Inference

Inference Benchmark: Which Latency Metric Should You Optimize For?

A head-to-head latency benchmark of three leading inference providers across 540 streamed requests.

By Sonam Gupta, PhD

A head-to-head latency benchmark of Telnyx, Together.ai, and Fireworks.ai across 540 streamed requests on three frontier open-weight models.

The Takeaway

We ran 540 streamed chat completions across three inference providers (Telnyx, Together.ai, and Fireworks.ai) on three open-weight models (Kimi K2.6, GLM-5.1, and MiniMax-M2.7) from a single US-region host. Here's what matters:

  • The metric that matters depends on what you're building. For voice AI and real-time applications, Time-to-first-token (TTFT) determines whether the experience works. For batch and agentic workloads, E2E latency and throughput determine cost and speed. We benchmarked both.
  • First token isn't the finish line. Fireworks consistently delivers the fastest time-to-first-token on Kimi K2.6 and GLM-5.1, but Telnyx finishes faster on end-to-end latency for GLM-5.1 at long-output profiles and dominates MiniMax-M2.7 across every metric.
  • MiniMax-M2.7 runs 3-6x faster on Telnyx. On long-output workloads, Telnyx completes in 8-11 seconds. Together takes 36-50 seconds. Throughput: 125-170 tok/s vs 27-42 tok/s.
  • Together's performance is the most volatile. 15 outlier cells where single-run maximums exceeded 5x the median, including a 143-second mid-stream stall on GLM-5.1. Telnyx had 4. Fireworks had 3.
  • FP8 beats FP4 on throughput. Together runs FP4-quantized GLM and MiniMax. Telnyx runs FP8. Our FP8 delivers higher throughput than their FP4 on both models, higher precision, faster output.
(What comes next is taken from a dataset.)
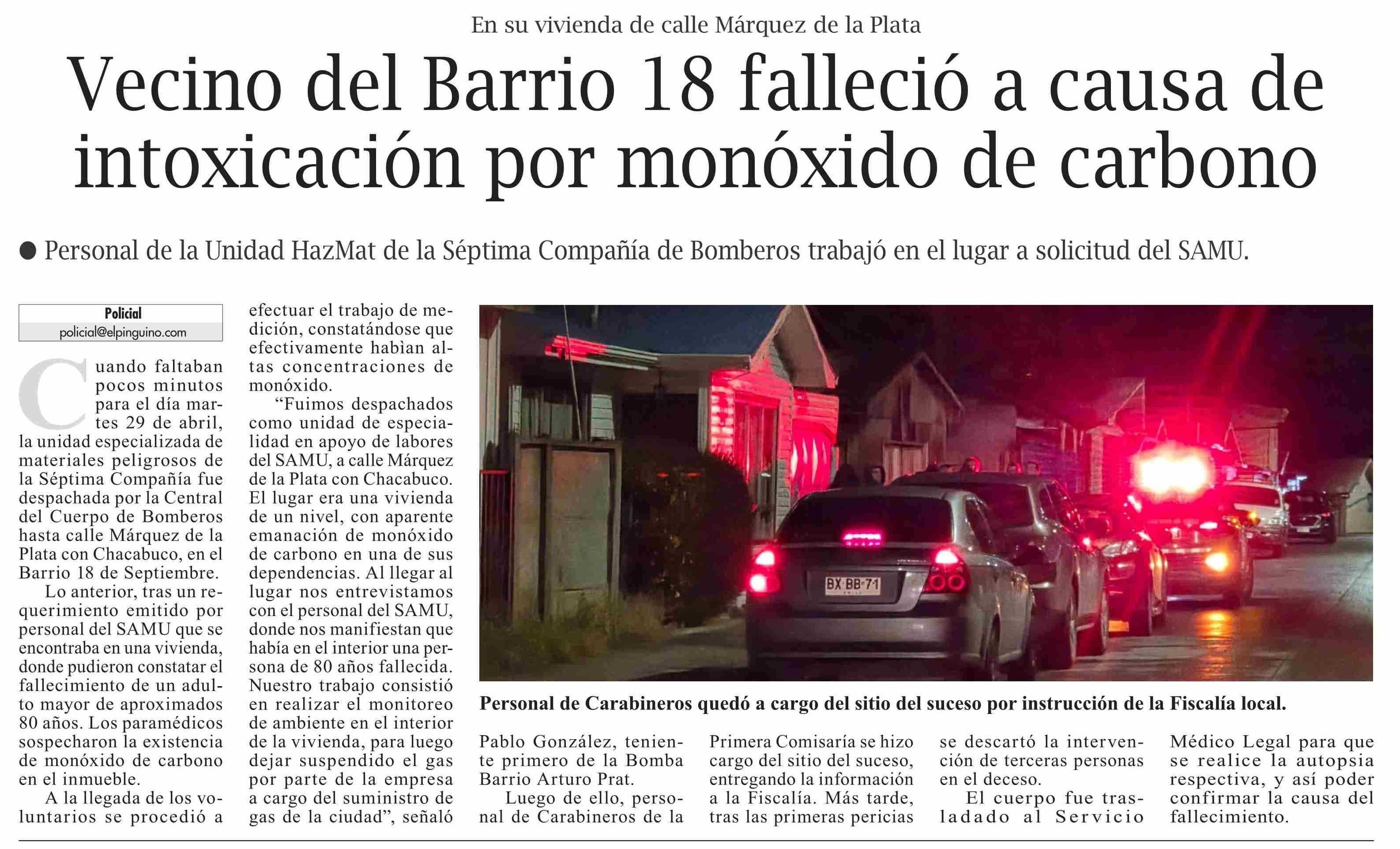 Vecino del Barrio 18 falleció a causa de intoxicación por monóxido de carbono

TTFT vs E2E: Different Metrics for Different Workloads

Time-to-first-token (TTFT) is the most commonly cited inference benchmark. For some workloads like voice AI, or real-time agents, it's the right metric. For others, batch processing, agentic chains, end-to-end latency (E2E) and throughput matter more. The question isn't which metric is better. It's which metric maps to what you're building.

Our benchmark found a consistent pattern: providers that win on TTFT don't always win on end-to-end latency (E2E).

The clearest example: GLM-5.1 at 10k input, 1k output.

Provider TTFT (p50) E2E (p50) Throughput
Fireworks 1,672 ms 40,156 ms 31.9 tok/s
Together 1,472 ms 27,328 ms 57.4 tok/s
Telnyx 1,346 ms 15,946 ms 83.4 tok/s

Fireworks delivers the first token in 1.7 seconds. But the full response takes over 40 seconds. Telnyx delivers the full response in under 16 seconds, 2.5x faster than Fireworks, 1.7x faster than Together.

If you're building a real-time product, your users don't experience "first token." They experience the full answer. E2E is the metric that maps to user experience. Throughput is the metric that maps to cost-per-token at scale.

When evaluating inference providers, ask:

  • What's the E2E latency at my expected input/output sizes?
  • What's the effective throughput, not just the time to first token?
  • How stable is the distribution? A fast p50 with a 5x tail isn't "fast" in production.

Voice AI: Why TTFT Is the Metric That Matters

Voice AI is the clearest example of why TTFT matters. When a user speaks to an agent, every millisecond of first-token delay is dead air. The response doesn't stream in progressively like a chatbot, the user is waiting for the agent to start talking.

That's why Kimi K2.6 is the model we recommend for voice and real-time applications. Its non-reasoning mode stays highly intelligent while delivering lower TTFT than GLM-5.1. If you're building voice AI, Kimi K2.6 on Telnyx is the right tool.

Model-by-Model Breakdown

MiniMax-M2.7 — Telnyx showcases end-to-end latency

This is where the gap is widest. Telnyx wins on E2E latency at every single profile, short and long output, small and large context.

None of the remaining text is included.